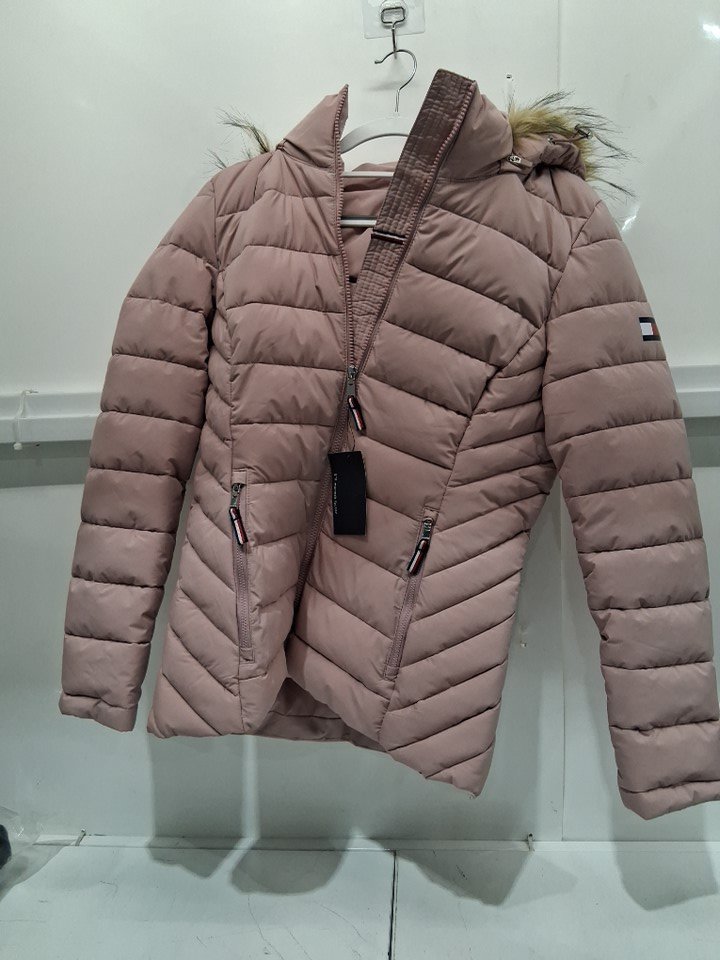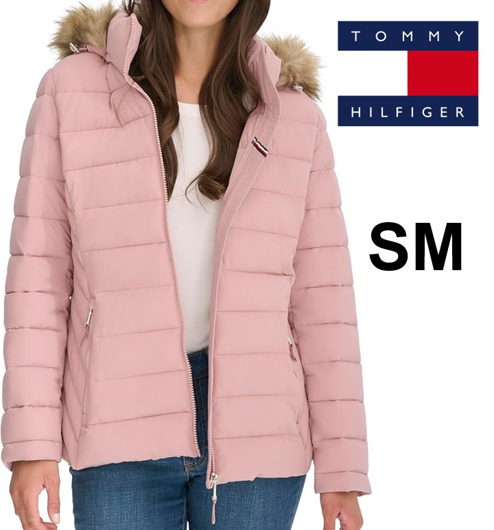 women's tommy hilfiger heavy weight essential short puffer coat jacket- size small - rose pink (style: tw4mp727)
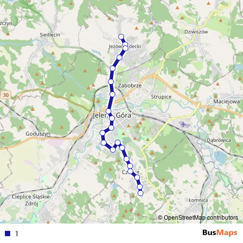 Wrzosowa - Czarnoleska - Strumykowa - Elizy Orzeszkowej - Adama Mickiewicza - Bartosza Głowackiego - Gustawa Morcinka - Leona Wyczółkowskiego - Wolności - Aleja Wojska Polskiego - Bankowa - Podwale - Grunwaldzka - Podchorążych - Długa
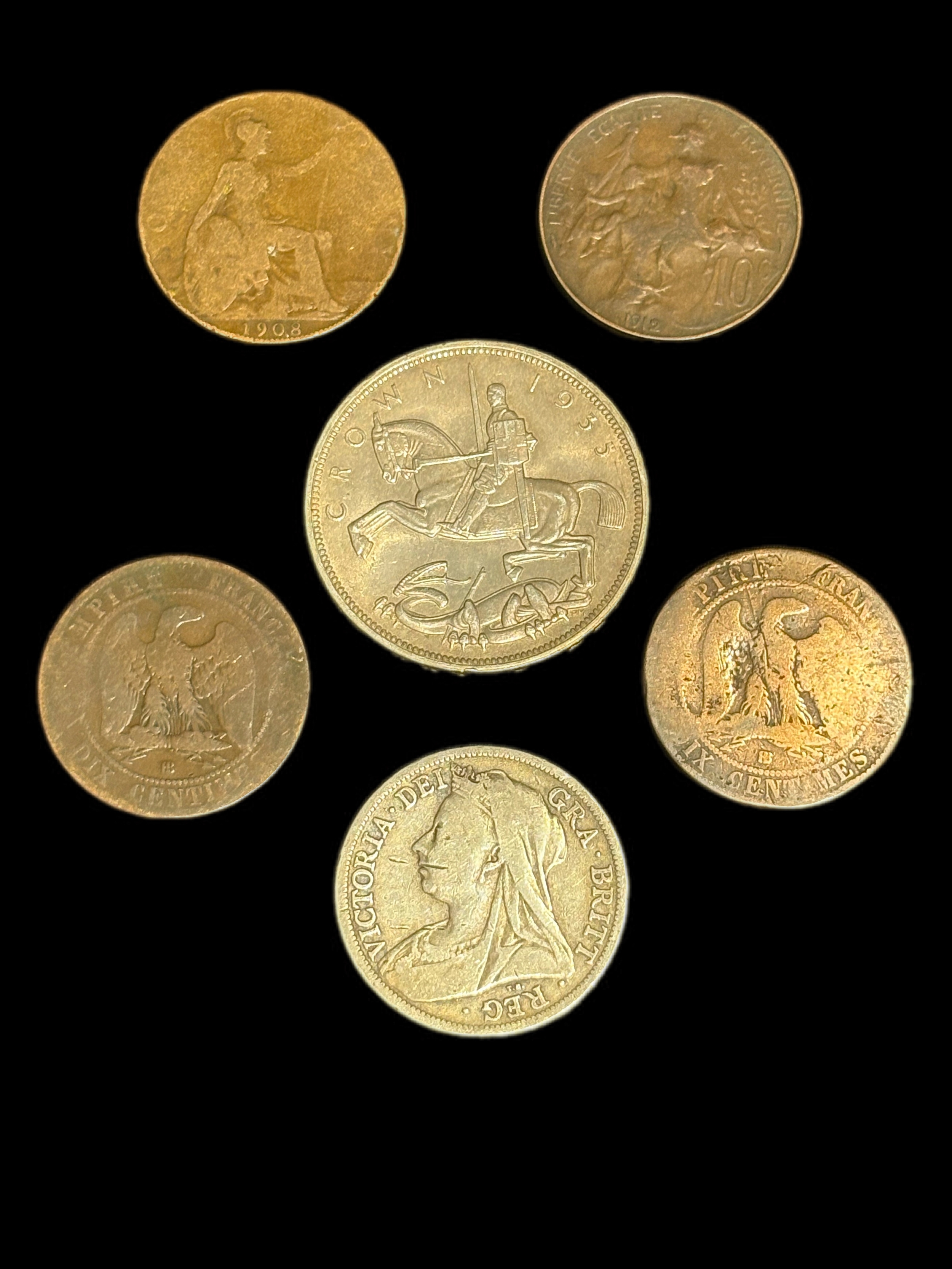 Group of old coins 2 sided penny etcOld 2 side one penny piece dated 1908 and 1918

- _Work instruction_: The listing above should be repeated word for word, pictures removed.

- _Exercise answer_:
 women's tommy hilfiger heavy weight essential short puffer coat jacket- size small - rose pink (style: tw4mp727)
 Wrzosowa - Czarnoleska - Strumykowa - Elizy Orzeszkowej - Adama Mickiewicza - Bartosza Głowackiego - Gustawa Morcinka - Leona Wyczółkowskiego - Wolności - Aleja Wojska Polskiego - Bankowa - Podwale - Grunwaldzka - Podchorążych - Długa
 Group of old coins 2 sided penny etcOld 2 side one penny piece dated 1908 and 1918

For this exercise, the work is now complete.